Bonjour Thierry Mariani. Bonjour. Vladimir Poutine aura ce soir un souper en tête à tête avec François Hollande. Ce sera d'ailleurs le premier entretien de Poutine avec un dirigeant occidental depuis qu'il a annexé la Crimée et déstabilisé l'Ukraine aussi. Quel ton devrait adopter selon vous le président français ce soir face à son homologue russe ?
Le ton du dialogue parce que je pense que la Russie, j'allais dire fait, c'est géographique, c'est une vérité géographique mais fait partie de l'Europe. Nous avons d'énormes complémentarités, nous avons traversé une période de tension qui n'est loin d'être finie. Et nous avons je pense tout intérêt à dialoguer et non pas à parler à coup de sanction comme cela se fait depuis plusieurs semaines.
Justement, le G7 hier soir a rappelé qu'au besoin il fallait aller crescendo dans les sanctions. La Russie est déjà mise au banc, isolée diplomatiquement et économiquement. Est-ce que c'est le type de menace qui peut contrecarrer les plans de Vladimir Poutine ?
Je ne pense pas. Je pense surtout que les sanctions qui depuis quelques semaines pèsent sur la Russie sont révélées humiliantes et inefficaces. Humiliantes parce que faire une sorte de liste noire où une série de proches du président ou de responsables économiques ou politiques sont désormais interdits aux Etats-Unis ou en Europe n'améliorant rien nos relations. Dangereuses aussi en matière économique parce que je rappelle que notamment la France a d'énormes intérêts avec la Russie. Nous avons 1200 entreprises françaises qui sont installées aujourd'hui en Russie.
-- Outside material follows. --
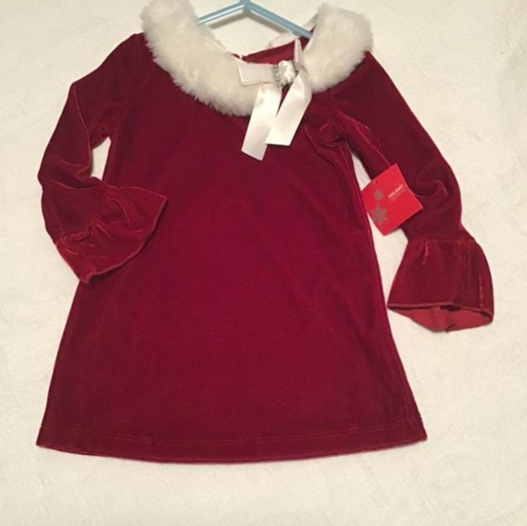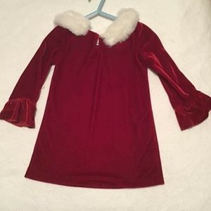Beautiful soft Christmas with removable faux fur collar. Missing bloomer and has missing button hole

Nous sommes complémentaires en termes d'échanges, j'allais dire, d'intelligence et de matières premières.
Alors que les Etats-Unis qui nous poussent à cette politique n'ont pas du tout les mêmes intérêts.
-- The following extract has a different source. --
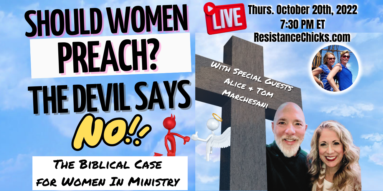 Our special guest for this topic, Alice Marchesani put it best this way: The root of this is doctrinal error is satanic for all of creation should sing God’s praises and preach His Words from the rising of the sun to the setting of the same. In the book of Acts that the Spirit fell on men AND women and ALL were prophesying? Paul the Apostle sent Phoebe, a woman, to deliver his letter to Christians in Rome. Whoever delivered a letter from Paul stayed with that body of believers to ANSWER QUESTIONS they might have about Paul’s letter. Phoebe was THAT PERSON. She wasn’t in the kitchen or teaching children’s church or cleaning toilets. She was in front of men and women, answering questions they might have had. In Romans 15, Paul calls Junia an “apostle of apostles”. The ESV version changed Junia to Junias because male translators couldn’t handle the fact that Junia was a woman so they deceptively came up with Junias. Consequently there is no male version of the name Junia. Satan hated Eve from the very beginning. He saw her as the source of more people having dominion over him and hatched a plan to take her and all of humanity down. Jesus thwarted that plan. So now, Satan has sought to infiltrate the body and come up with another evil strategy to eliminate the threat of millions of Spirit filled believers proclaiming the Gospel of Jesus Chris:

Alors si les sanctions, dites-vous, sont humiliantes et dangereuses, où sont les leviers pour faire changer Poutine de son état d'esprit face à l'Ukraine ?
Attendez, pourquoi on en est arrivé là ? Je me permets quand même de faire en 30 secondes un rappel historique. On a quoi qu'on en dise, un coup d'état en Ukraine. Je suis désolé, mais il y avait un pouvoir légitimement élu. Monsieur Yanukovitch était élu, il aurait dû avoir des élections présidentielles dans 9 mois. Il a été renversé. On a eu 2-3 dispositions totalement provocantes qui ont été votées par le nouveau pouvoir ukrainien pour une partie de la population. Qui veut légitimer son pouvoir ? Oui, mais quand on veut légitimer son pouvoir, il y a deux sortes de solutions. Il y a où on coupe les têtes, où on rassemble.
Et malheureusement, j'allais dire, ça a été plutôt l'option 1 qui a été choisie. Première loi votée, interdiction des langues régionales dans toute une série dans le pays. Oui, c'était peut-être pas la mûre des électeurs. Non, mais deuxième loi, interdiction des médias en langue russe, pour être très clair. Quand à un moment où vous provoquez les gens dans leurs identités, il y a une réaction.
Sauf qu'on vous répondra que c'était provocation contre provocation aussi. Quand Poutine affirme, par exemple, comme hier soir, qu'il n'a aucune prise sur les séparatistes en Ukraine, vous le croyez ?
Je vais vous poser une question. Si vous pensez que la Russie, aujourd'hui, avait voulu envahir les régions, par exemple, de l'Est ukrainien, c'est-à-dire Donyens-Lugansk, est-ce que vous pensez sincèrement qu'ils auraient eu des difficultés ? Je pense que ça aurait provoqué un tollé international beaucoup plus fort qu'en Crimée. On est bien d'accord, mais je pense aussi qu'il n'aurait eu strictement aucune difficulté militaire. Que dit M. Poutine ? Il dit tout simplement qu'il n'y a aucun soldat russe dans l'Est de l'Ukraine. Que disent les Américains ? On a des preuves du contraire. Mais pour le moment, on ne les a toujours pas vus.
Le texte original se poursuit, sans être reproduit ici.